Moonlighting requests must be submitted via MedHub. They are reviewed first by the Neurology Program Director and then the GME administration. The Neurology Program Director has discretion to deny moonlighting requests if the resident is not compliant with administrative and/or clinical expectations of the residency program or is otherwise not in good standing. Only after approval by both can the moonlighting commence.
Time spent by residents in moonlighting must be counted toward the 80-hour maximum weekly limit; all moonlighting hours must be logged in MedHub as part of the weekly work hours.
PLEASE NOTE: UW Health GME does not provide liability coverage for moonlighting activities, whether internal or external. The resident or the employer where the moonlighting takes place must provide liability coverage for the moonlighting activities.
Moonlighting Restrictions:
- PGY-1 residents are not permitted to moonlight (ACGME rule)
- The State of Wisconsin Medical Examining Board requires that residents moonlighting in patient care outside of their training program have a full, unrestricted medical license. That is, one cannot moonlight under the Resident Education License that most residents initially obtain.
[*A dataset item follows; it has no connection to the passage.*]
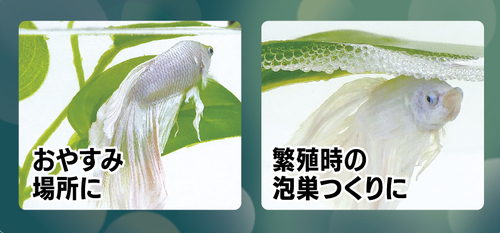 ●ベタは自然下において水草の陰に隠れて生活しています。 本製品は水草を寝床や休憩場所にするベタの習性をいかした人工水草です。休む事で、ベタがリラックスし、ストレスを減らすことにも役立ちます。繁殖時のオスの泡巣作りにも最適です。
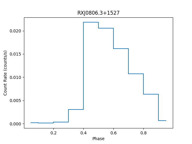 This thread analyzed the variable, periodic source RXJ0806.3+1527. The data products for the observation were barycenter corrected (axbary). Several timing tools were used to create lightcurves (dmextract and glvary) , search for variability (apowerspectrum), and determine the period of the variation (pfold). The period of 321.85 seconds agrees well with what is reported in the literature for this source in this observation. The data products were then phase folded using dmtcalc and a set of Good Time Intervals (GTIs) were created for the brightest part of the variation using dmgti. These GTIs were aligned to ACIS exposure frame time boundaries using the gti_align script. Finally these GTIs were used to filter the event file and specextract was used to extract the spectrum.

- Clinical moonlighting within UW Health (including SwedishAmerican Hospital/UW Northern Illinois and Meriter Hospital) will only be approved if the resident meets UW Health Medical Staff requirements for independent practice and obtains medical staff privileges independently. In addition, the clinical work performed must be distinct from the clinic work required as part of the training program. There may be additional restrictions on allowable billing for inpatient services for trainees attempting to moonlight internally. Internal moonlighting by neurology residents is very rare. The program will work with the resident and the UW Health Compliance Department on a case-by-case basis if an opportunity does arise.